» **WHAT IS NEEDED**: Nothing but the lines from the one containing "As we learn" to the final line of the entries should appear, copied exactly and without pictures.

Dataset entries
——————————
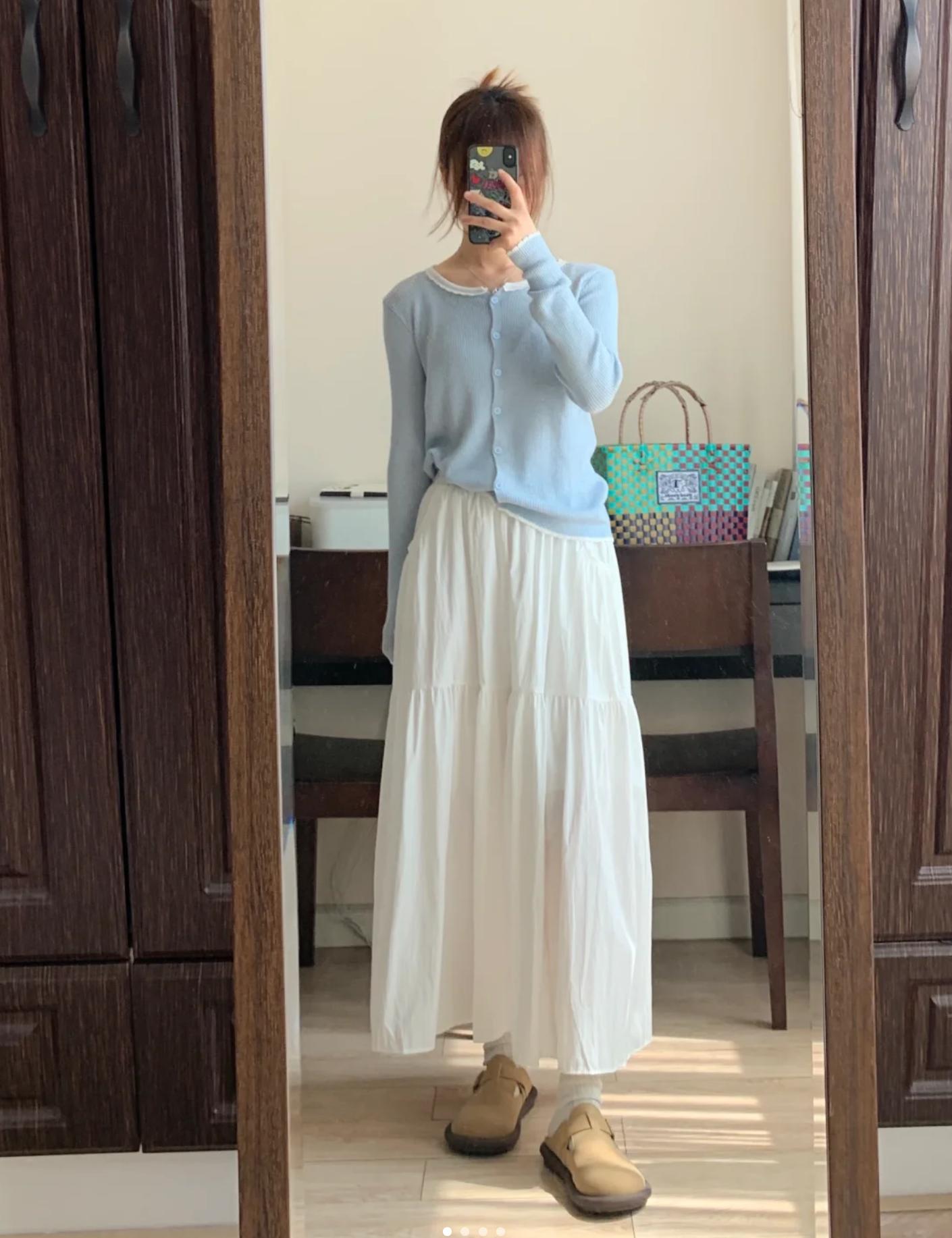 ①寬鬆適度的直筒裙,裙襬處有微妙的弧度,有褶皺設計、立體剪裁或適當寬鬆款式的裙子,既能遮掩贅肉,又能保持整體的流暢感。
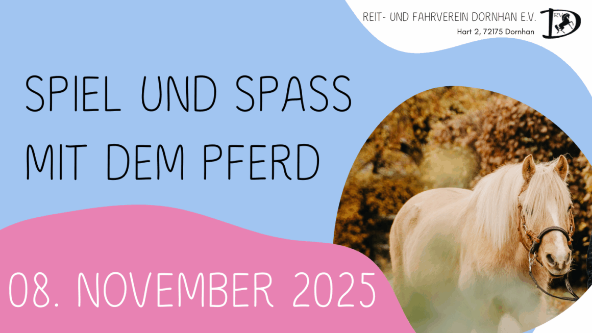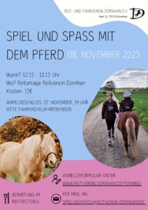 Am Samstag, den 08. November 2025 findet unser Kinderprogramm „Spiel und Spaß mit dem Pferd“ statt.
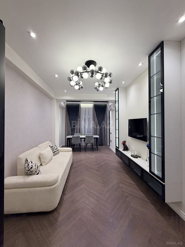 Mənzilin hər detalı zövqlə və keyfiyyətli materiallardan istifadə edilərək dizayn olunub. Geniş və işıqlı otaqlar, müasir mətbəx mebeli, yüksək səviyyəli santexnika və zərif işıqlandırma sistemi ilə seçilir.
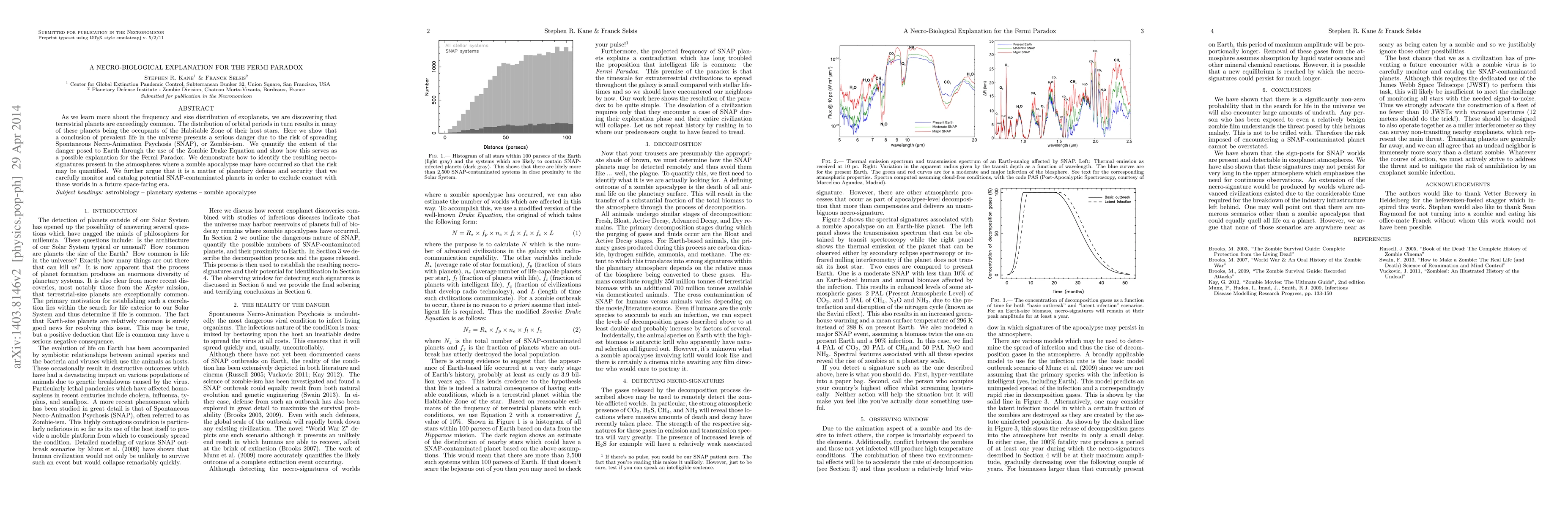 As we learn more about the frequency and size distribution of exoplanets, we are discovering that terrestrial planets are exceedingly common. The distribution of orbital periods in turn results in many of these planets being the occupants of the Habitable Zone of their host stars. Here we show that a conclusion of prevalent life in the universe presents a serious danger due to the risk of spreading Spontaneous Necro-Animation Psychosis (SNAP), or Zombie-ism. We quantify the extent of the danger posed to Earth through the use of the Zombie Drake Equation and show how this serves as a possible explanation for the Fermi Paradox. We demonstrate how to identify the resulting necro-signatures present in the atmospheres where a zombie apocalypse may have occurred so that the risk may be quantified. We further argue that it is a matter of planetary defense and security that we carefully monitor and catalog potential SNAP-contaminated planets in order to exclude contact with these worlds in a future space-faring era.
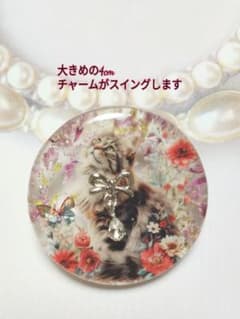 お花畑の猫デザイン ヘアゴム 4cm No−3
——————————
» **REPLY TO THE EXERCISE**:
 As we learn more about the frequency and size distribution of exoplanets, we are discovering that terrestrial planets are exceedingly common. The distribution of orbital periods in turn results in many of these planets being the occupants of the Habitable Zone of their host stars. Here we show that a conclusion of prevalent life in the universe presents a serious danger due to the risk of spreading Spontaneous Necro-Animation Psychosis (SNAP), or Zombie-ism. We quantify the extent of the danger posed to Earth through the use of the Zombie Drake Equation and show how this serves as a possible explanation for the Fermi Paradox. We demonstrate how to identify the resulting necro-signatures present in the atmospheres where a zombie apocalypse may have occurred so that the risk may be quantified. We further argue that it is a matter of planetary defense and security that we carefully monitor and catalog potential SNAP-contaminated planets in order to exclude contact with these worlds in a future space-faring era.
 お花畑の猫デザイン ヘアゴム 4cm No−3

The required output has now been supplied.